2017 Fall Anitta Machanickal Temple Japan

6 Steps to Buying and Bringing Back Souvenirs

Roughly three weeks left and I still have not begun souvenir shopping. When traveling, souvenirs are a given. Everyone who hears you’re going to a foreign country wants something back, which may not be stressful for some, but when you’re on a budget and as indecisive as I am, souvenir shopping is horrible. Not only do I have to find something for everyone that will make them happy, but I also have to manage to bring it all back with me. The whole process is way too stressful. Here’s some steps I’ve used to simplify the whole debacle a bit.

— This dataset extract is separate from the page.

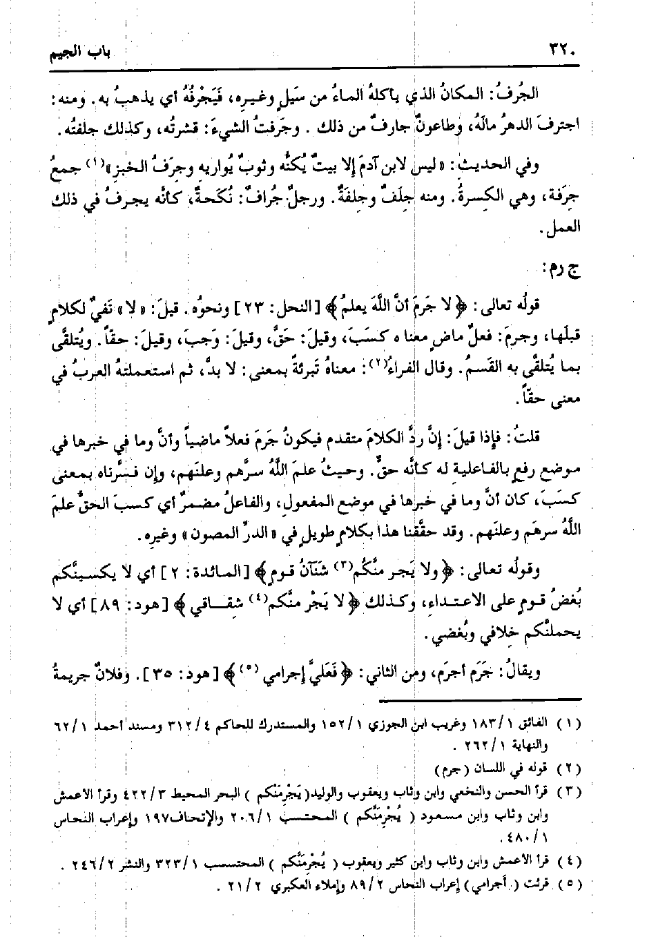 قوله تعالى: {لا جرم أن الله يعلم} [النحل: 23] ونحوه. قيل: "لا" نفي لكلامٍ قبلها، وجرم: فعل ماضٍ معناه كسب، وقيل: حق، وقيل: وجب، وقيل: حقًا. ويتلقى بما يتلقى به القسم. وقال الفراء: معناه تبرئةً بمعنى: لا بد، ثم استعملته العرب في معنى حقًا.

Designate a suitcase for souvenirs.

Before you even begin traveling, you should designate a suitcase for all your souvenirs. Usually, this is the suitcase filled with things that you will end up using in Japan and can throw away (e.g. lotion, soap, old shoes, etc.). By knowing how much space you have, you can know how small you should keep your souvenirs.

Write up a list.

Write down all the people you’re going to buy for. This act will make the process seem much simpler. You will have a clear idea of how much you have to buy. If there are people you have to buy souvenirs for, but you’re not really close to them, you should buy bulk gifts for them (stuff that comes in sets, so you can give each person one thing from each set).

Ask.

Make things easier for yourself and ask people what they want. I’m a super indecisive shopper. I will spend hours walking down aisles, second-guessing what people want, until I finally put everything back and decide to try another store. The worst is when people say, “just get me whatever.” Just remember that these are people who love and care about you and that you can’t go too wrong in what you choose. Worst comes to worst, they’ll remember you’re a poor college student on a budget and that there was only so much you could buy.

Set up a budget.

Tell yourself how much money you are willing to spend. If you are on a tight budget like me, you will want to spend as little as possible. Overestimate how much you will spend (this way, when you go under budget, you’ll feel better about yourself).

Go to 100-yen shops.

This step is not a must in this list, but it’s helpful. Japan has 100-yen shops (you can look them up online) where you can buy souvenirs for cheap. They’re like the American dollar store. Meaning, not everything is actually 100 yen, but still cheap. In the end, most people want things that can only be found in Japan. Instead of spending money on ridiculously overpriced souvenirs at tourist destinations, you can buy something from a 100-yen shop that screams Japan but hurts your wallet less. I recommend small beauty products (less than 100 ml so that they can go in your carry on) or face masks. Cool mugs are my personal favorites (wrap them in plastic bags and carry them on your carry on, so that they don’t break). Tea and snacks if you really want to scream, “I was in Japan.” Cute charms and school supplies are a good go-to as well.

Don’t go overboard.

Pace yourself. After all, if you have trips outside of Tokyo, you’ll probably want to buy things for yourself. However, it’s not like you have unlimited space. Make sure you don’t buy too much and leave room for the souvenirs for other people.

 

Don’t let souvenir shopping get to you too much. Have fun checking out all the cute and useful things Japan has to offer.